The Marlan and Rosemary Bourns College of Engineering, or commonly known as Bourns Engineering or BCOE, is an Accreditation Board for Engineering and Technology-accredited College of Engineering located in Riverside, California on the campus of the University of California, Riverside.
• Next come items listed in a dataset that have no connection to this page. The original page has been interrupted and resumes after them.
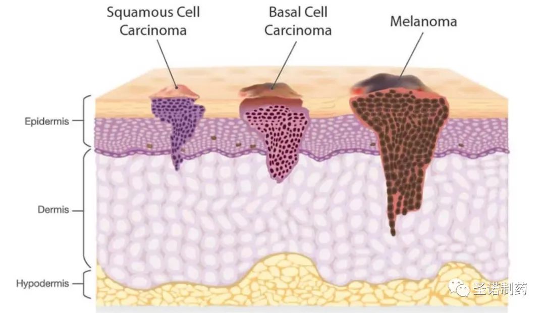 外科手术是目前治疗非黑色素瘤皮肤癌最常见的治疗方案。然而,各种形式的外科手术带来显而易见的皮肤不良事件:诸如疤痕、感染和出血等风险,而且手术治疗后也有明显的复发率。因此,能够得到FDA批准的安全有效的局部注射疗法(目前尚无),将迎合临床治疗手段上的巨大需求。
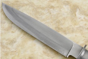 Description: Swedish bladesmith Michael Andersson is a force to be reckoned with. Unlike many Nordic knifemakers, Michael believes very strongly in sole authorship, from forging the blade to shape, to creating the Damascus, to sewing the sheath. His style is immediately identifiable and is very dramatic. Micke is one of the few Swedish makers to make such large, impressive Bowies.
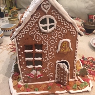 Decorate the house with royal icing (for this, whip 3–4 egg whites with 2 cups of powdered sugar). Decorate as desired (with candies, gummies, or decorative toppings). For more detailed pattern drawing, you can use a pastry bag.
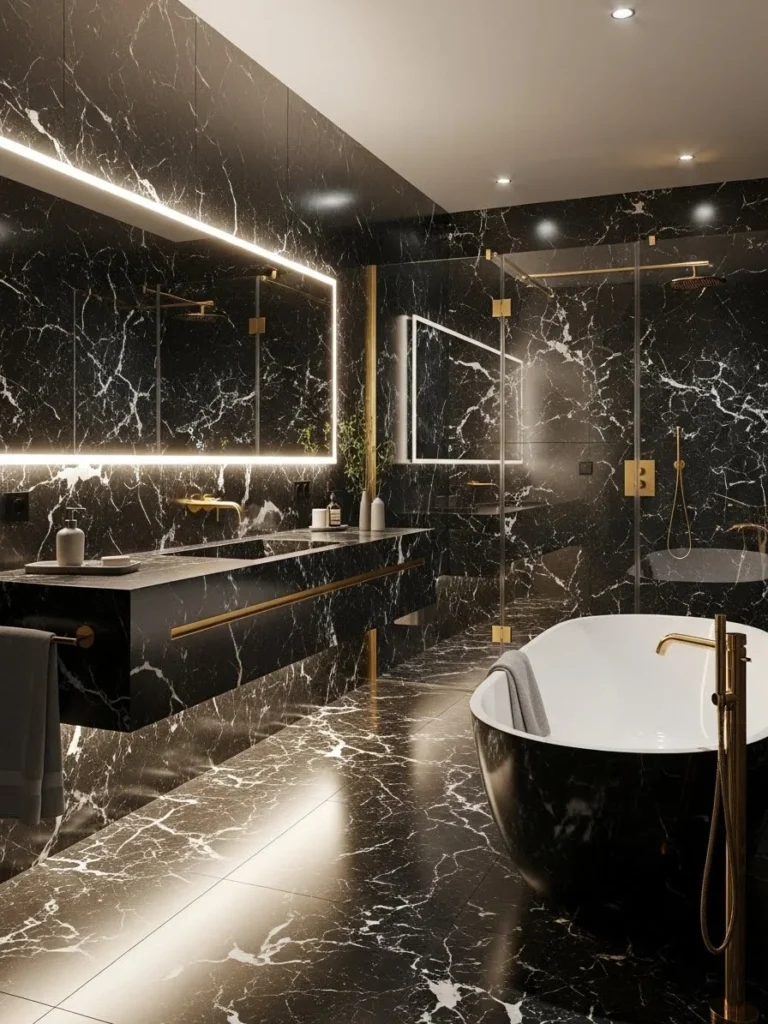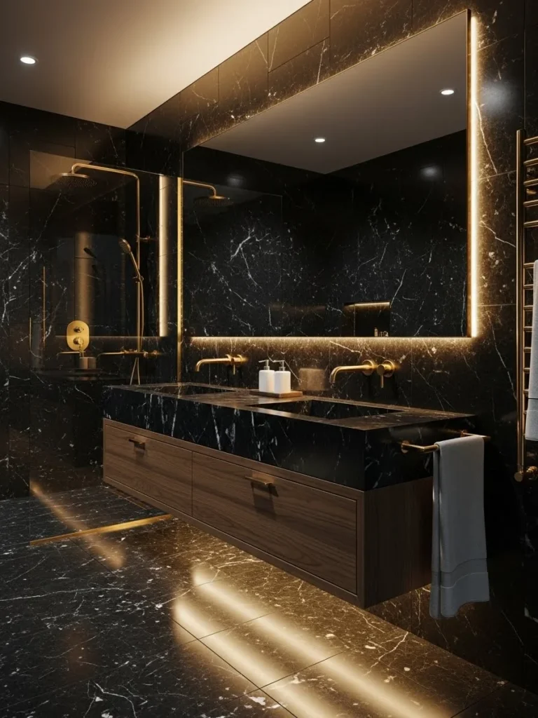 This luxury bathroom is defined by deep black marble that creates a dramatic, elegant foundation. The stone’s natural veining introduces subtle movement, preventing the dark palette from feeling flat. The continuous marble surfaces evoke high-end sophistication and timeless appeal.
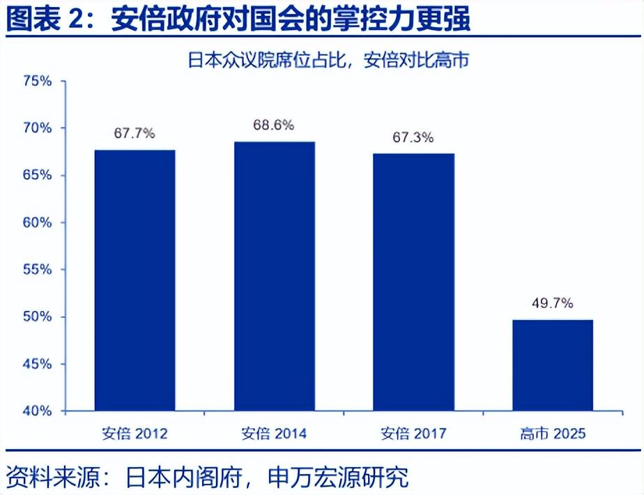 高市早苗存在政治约束,政策推行能力可能低于安倍。一方面,执政党在国会的优势走弱,法案通过难度更大。安倍2013年后形成两院的稳定多数局面,结束了“扭曲国会”,在众议院长期占比达2/3,即便参议院反对,普通法案也能凭众议院三分之二强行通过,这是安倍推动多轮预算外刺激(2013年、2019年)、安保法制(2025)通过的硬性保障。但在2025年,自民党在众议院为196席,与维新会联合执政后,总数231席,距离过半仍差2席,参议院也无多数优势,高市早苗的普通立法通过难度大于安倍时期。
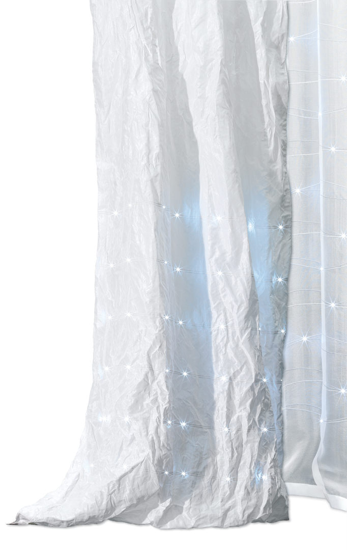 A high degree of innovation is characteristic of the luminous textile eLumino: LED elements, integrated in the curtain, allow for an expressive decoration.
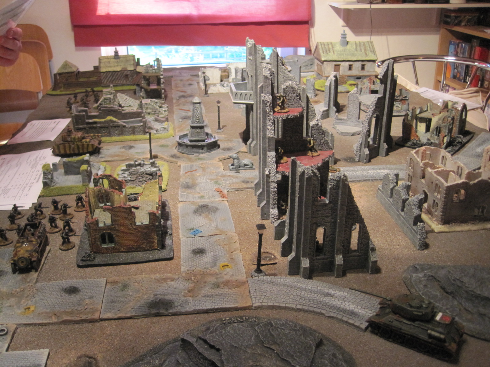 Andy’s Soviets defended the Town Hall against Mike’s Panzergrenadiers.
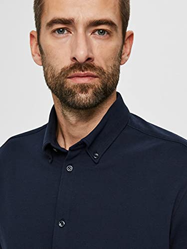 SELECTED HOMME SLHSLIMOLIVER-Knit Flex Shirt LS B Noos Camicia Button-Down, Dark Sapphire, Small Uomo
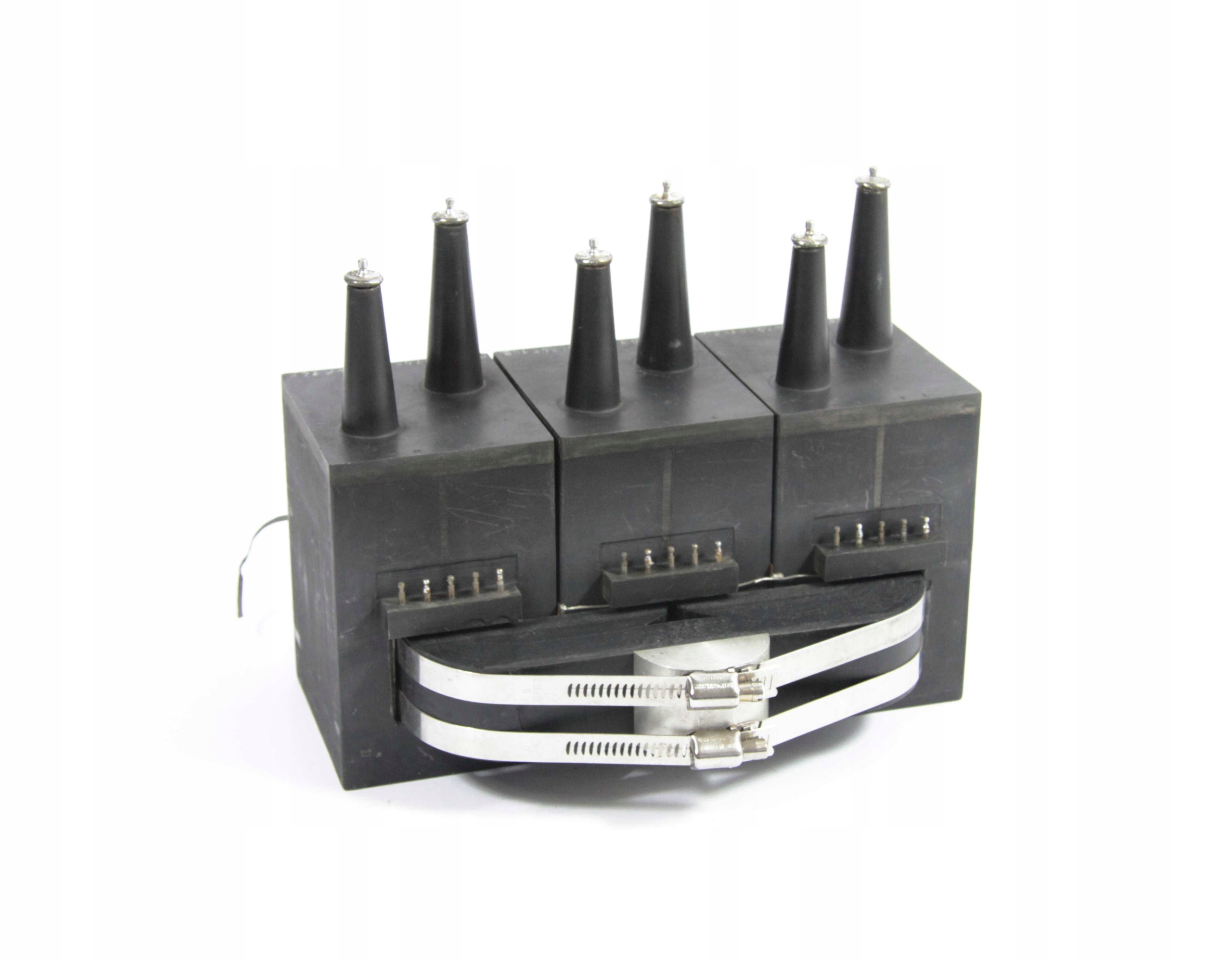 Трансформатор представляет собой сухой, герметичный вариант, т.е. каждая обмотка пропитана и заключен в смоляной куб.

The Marlan and Rosemary Bourns College of Engineering was established in 1989, and named in honor of Marlan Bourns, a B.S. physics graduate of the University of Michigan and Rosemary Bourns, founders of Bourns, Inc.

BCOE is home to the world's largest indoor atmospheric chamber, an 8,000 square foot class 100/1,000 cleanroom, a 4,300 square foot mechanical engineering machine shop and a 13-ton 3 Tesla Siemens Prisma MRI machine and more. The college has more than 300,000 square feet of lab and research space.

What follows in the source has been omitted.